Records from a dataset:
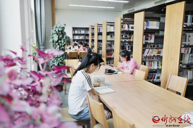7月15日,原平市圖書館里,青少年正在閱讀書籍??崾顏砼R,圖書館成了學(xué)子增長知識、消暑納涼的好去處。褚 震 攝
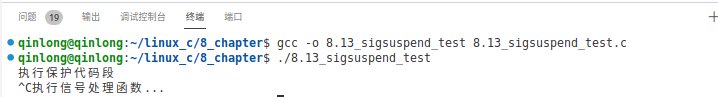 使用 sigaction 函数注册了 sig_handler 函数来处理 SIGINT 信号。然后,程序通过 sigprocmask 函数设置 new_mask 为当前信号掩码,以阻塞 SIGINT 信号。接下来,程序执行一个保护代码段,之后调用 sigsuspend 挂起,直到接收到 SIGINT 信号。一旦信号到达,sig_handler 函数被执行,然后程序从 sigsuspend 返回并恢复原始的信号掩码,最后正常退出。
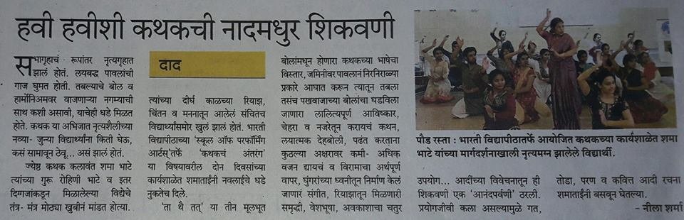 workshop on ‘Aesthetics of pure Dance compositions in Kathak ’, was conducted by renowned Kathak exponent and Guru Pt. Shama Bhate. In a very interesting manner, Shamatai enfolded the technique and principles of Kathak, handed down to her by her Guru. Late Pt. Rohini Bhate and other great Gurus in Kathak.
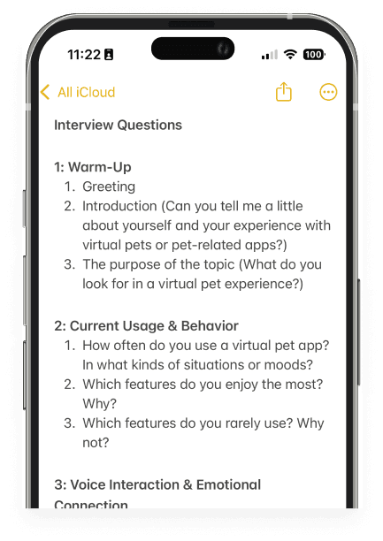 Before conducting user interviews, I formulated the following hypotheses to guide my research. These assumptions focused on emotional connection, engagement patterns, and the role of AR in shaping companionship.
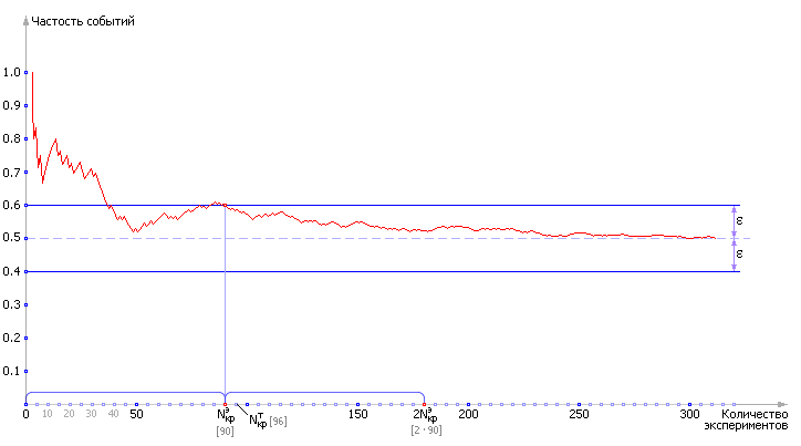 Таким образом, проведя 10 реализаций разной длины, мы определили, что достаточно в среднем было сделать 1 реализацию длиной в 94 броска монеты.
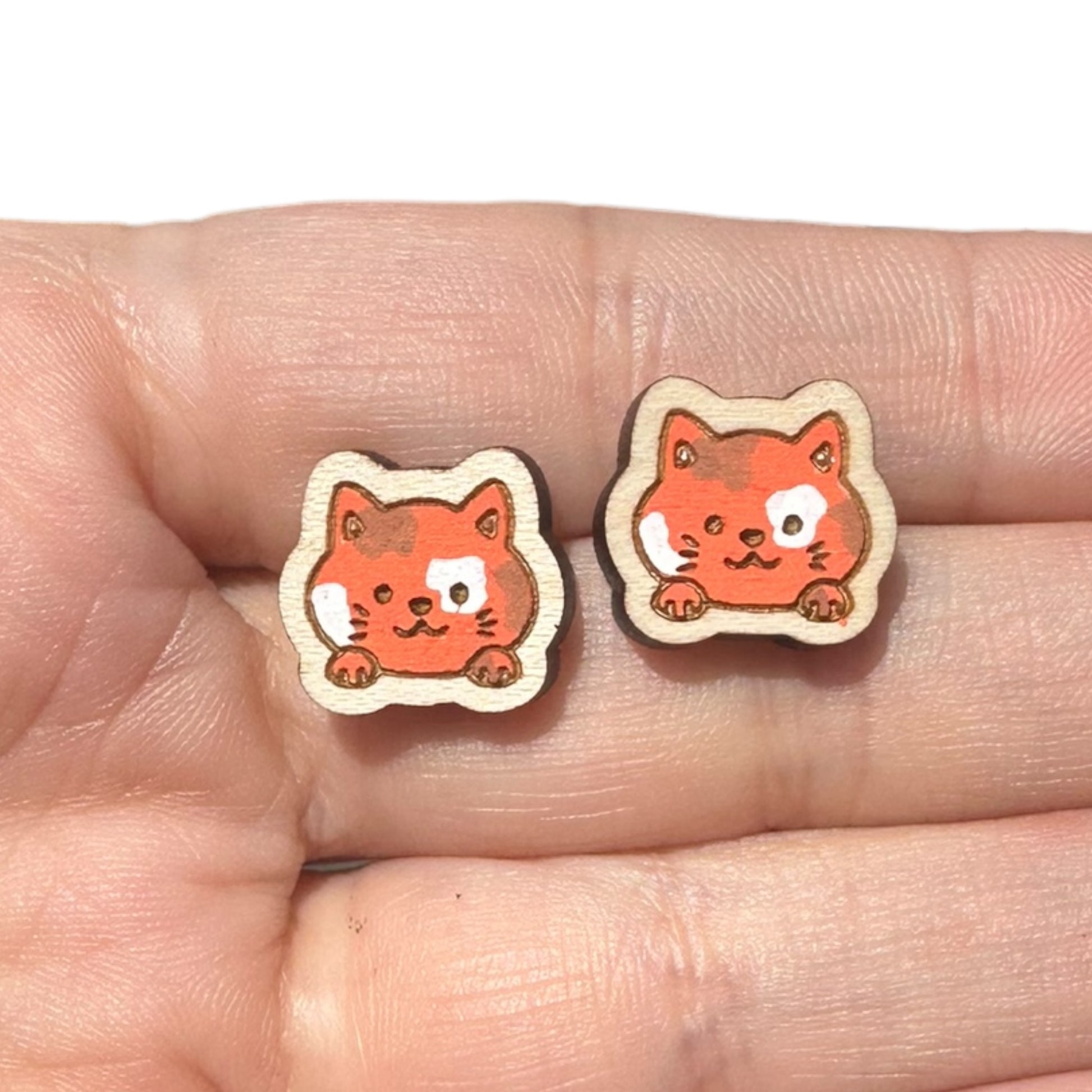 Hypoallergenic Hand Painted Cat Laser Engraved Wood Stud Earrings
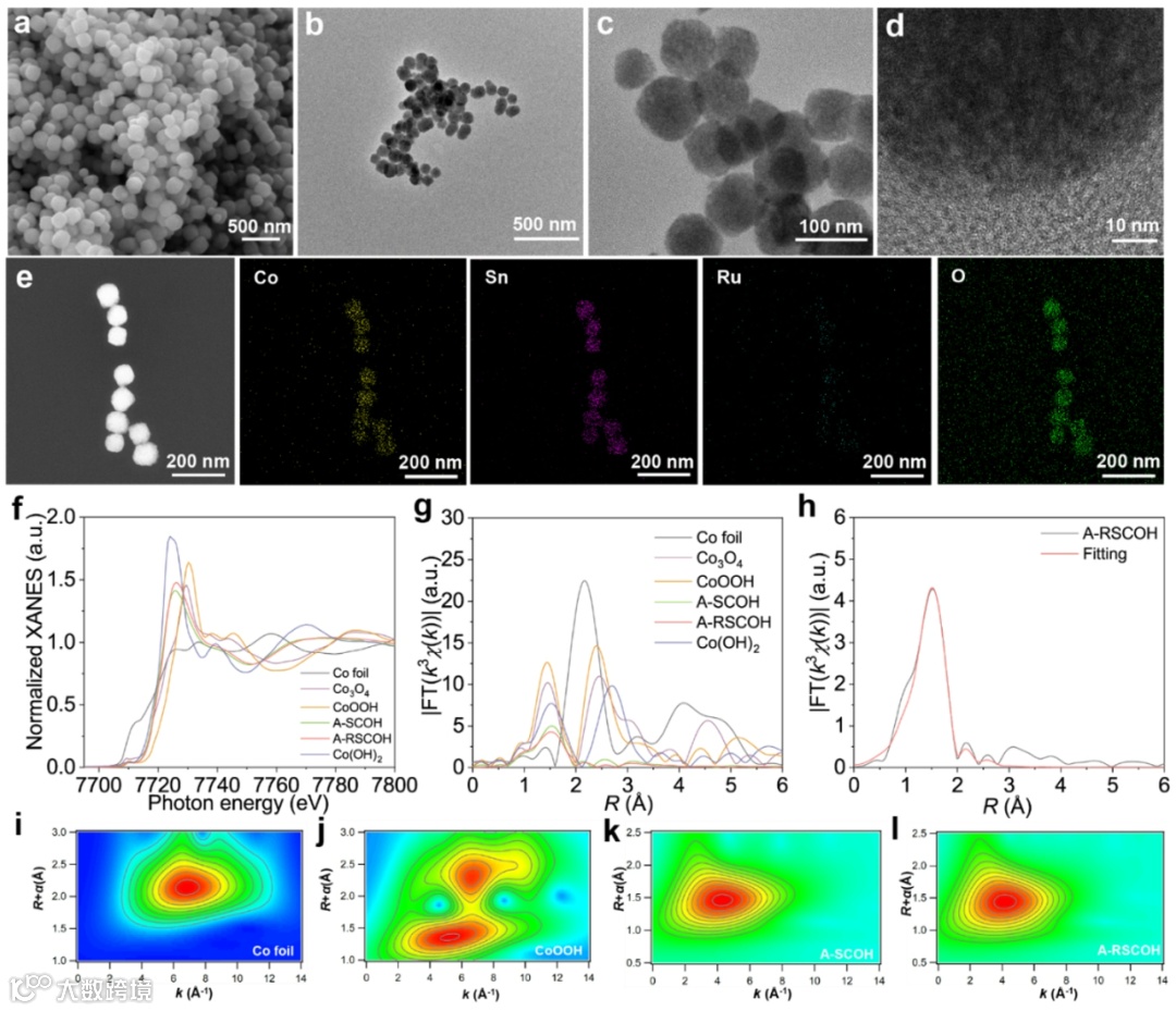 本文通过“共沉淀-离子交换热解两步法”制备了非晶态氢氧化物(A-RSCOH)析氧电催化剂。SEM和TEM表明其为纳米立方盒形貌,Co、Ru、Sn和O元素均匀分散。XANES表明Co的平均价态为+2左右,Ru的掺入使其Co的吸收边正移。通过分析XANES的边前峰和EXAFS,可知A-RSCOH的局域配位结构与Co(OH)2类似,Co第一壳层的配位数为5左右(如图1所示)。
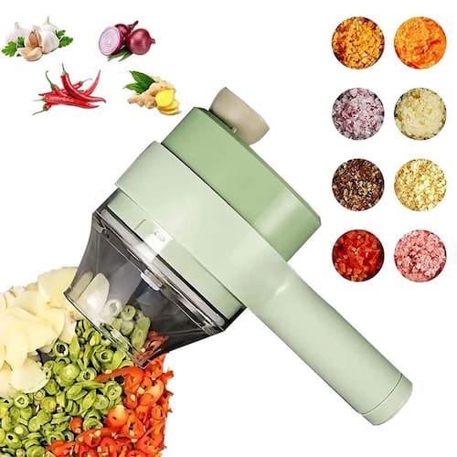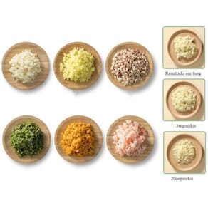 Descrição do produto: Com ele você pode ter um cortador de vegetais, picador de carne e ainda uma escova de limpeza elétrica ao mesmo tempo, apenas trocando os acessórios do conjunto multifuncional. É mais conveniente cortar seus vegetais frescos direto no recipiente, adicionar a mistura ou o condimento que desejar de forma super prática. Utilize para triturar diversos vegetais e condimentos como cebola, alho, pimenta, salsinha, cominho, gengibre e entre outros, O produto acompanha um socador que auxilia na introdução de vegetais pequenos ou pedaços prevenindo acidentes e este ainda conta com descascador de frutas do lado oposto.
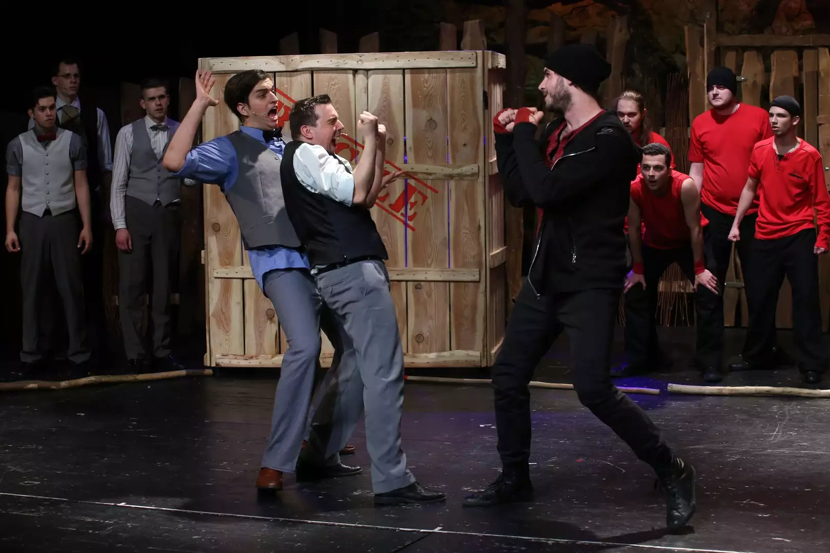 A drámai helyzetek így még keményebbek, melyeket tovább fokoznak a mai hangzású zenék és dalszövegek. Az előadásban döntő szerepet játszik a tárgyi világ akusztikus megszólaltatása, a színészek zenei-ritmikai kreativitása, a fiatalság ereje, humora, az eredeti mű katartikus üzenete.

— INSTRUCTIONS TO FOLLOW —
Each line from the first line of the records through the line containing "使用 sigaction 函数注册了" must be reproduced exactly, with both ends included and all pictures omitted; nothing else belongs in the answer.

— SOLVED EXERCISE —
7月15日,原平市圖書館里,青少年正在閱讀書籍??崾顏砼R,圖書館成了學(xué)子增長知識、消暑納涼的好去處。褚 震 攝
 使用 sigaction 函数注册了 sig_handler 函数来处理 SIGINT 信号。然后,程序通过 sigprocmask 函数设置 new_mask 为当前信号掩码,以阻塞 SIGINT 信号。接下来,程序执行一个保护代码段,之后调用 sigsuspend 挂起,直到接收到 SIGINT 信号。一旦信号到达,sig_handler 函数被执行,然后程序从 sigsuspend 返回并恢复原始的信号掩码,最后正常退出。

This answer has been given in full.